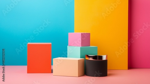 Colorful podium cylinders in pastel background for product display minimal design mockup image scene photo
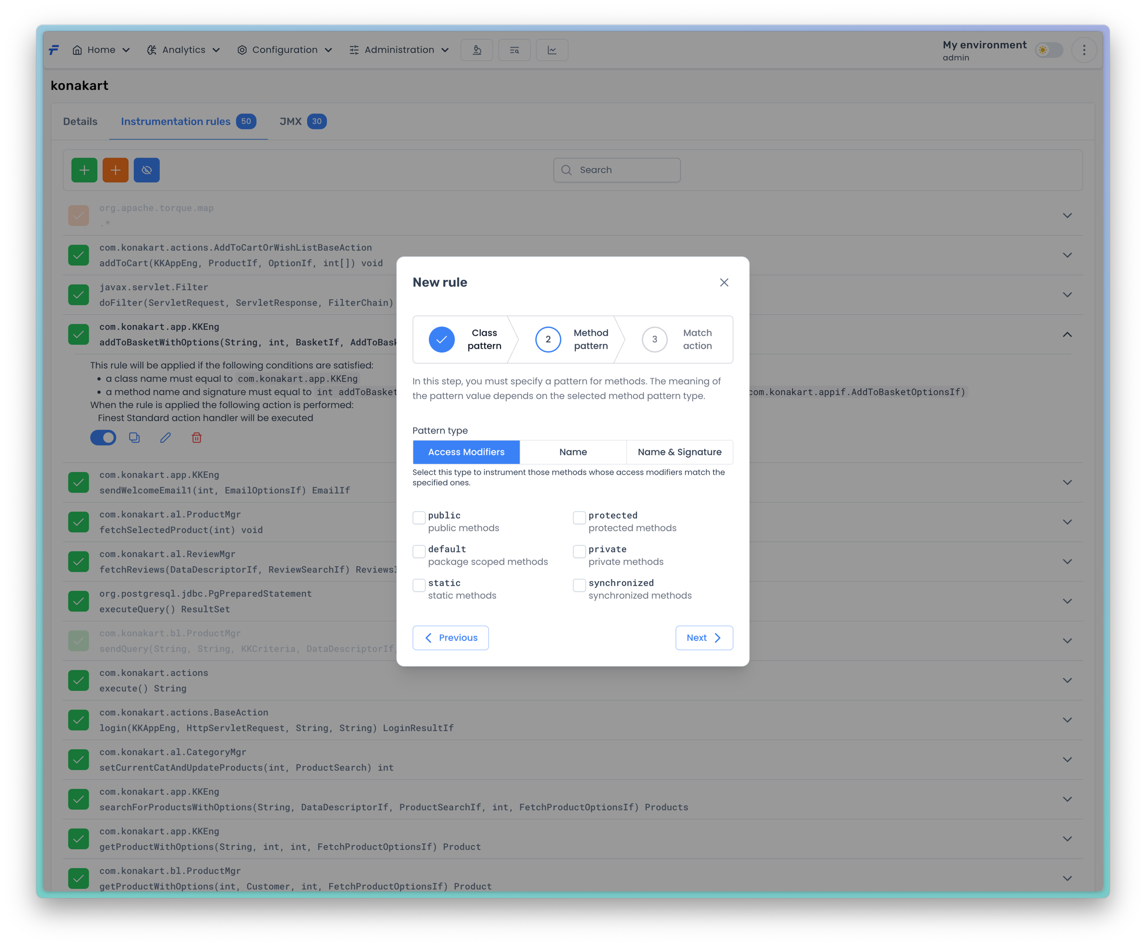 To add a new rule, you need to specify both class and method patterns. The following options are available for the Class level pattern:
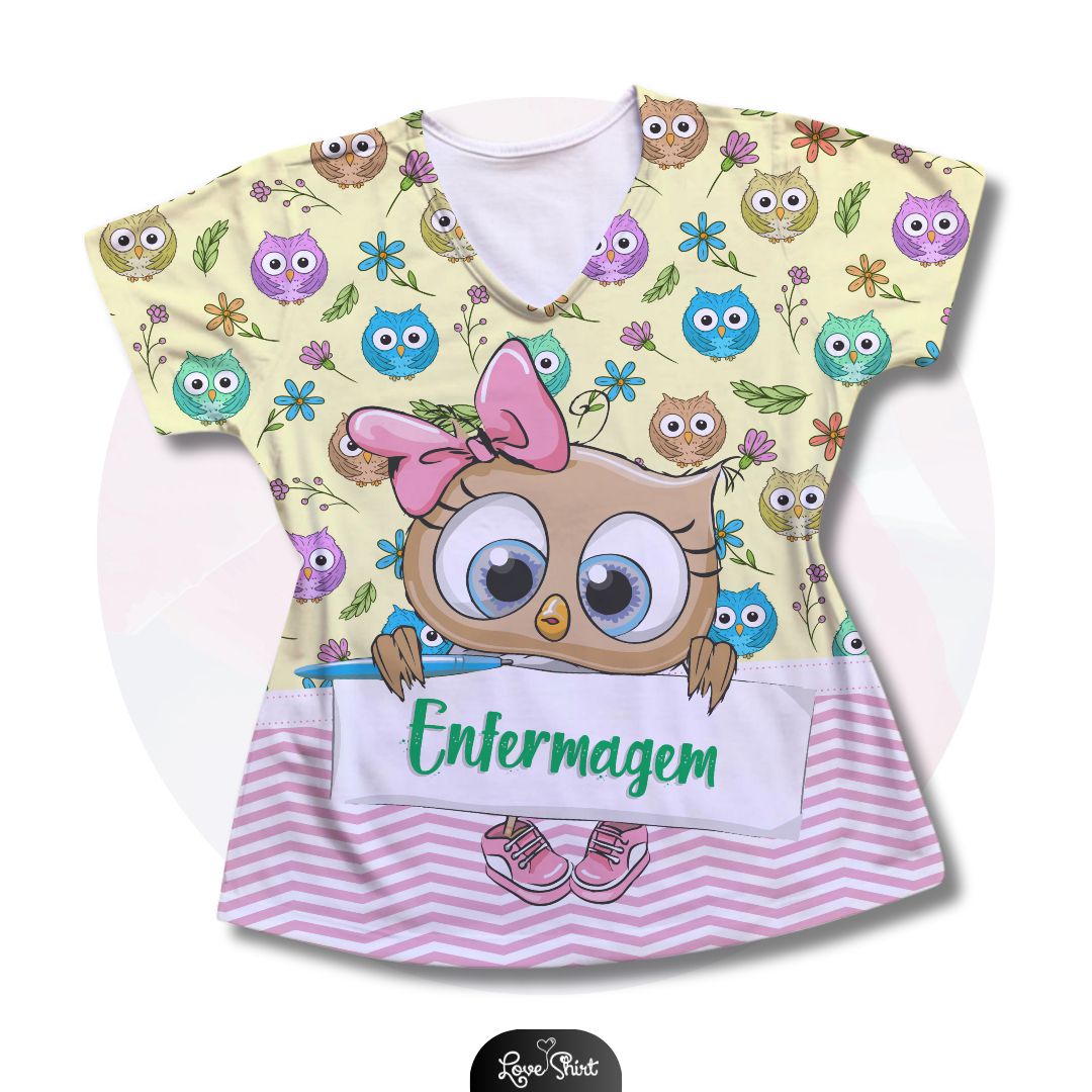 T-SHIRT PROFISSÃO ENFERMAGEM CORUJA BARRA FD AMARELO

--*--

### To do
Reproduce the material above exactly, but only from the line with "To add a new" through its last line, leaving pictures out.

### Solution to this problem
 To add a new rule, you need to specify both class and method patterns. The following options are available for the Class level pattern:
 T-SHIRT PROFISSÃO ENFERMAGEM CORUJA BARRA FD AMARELO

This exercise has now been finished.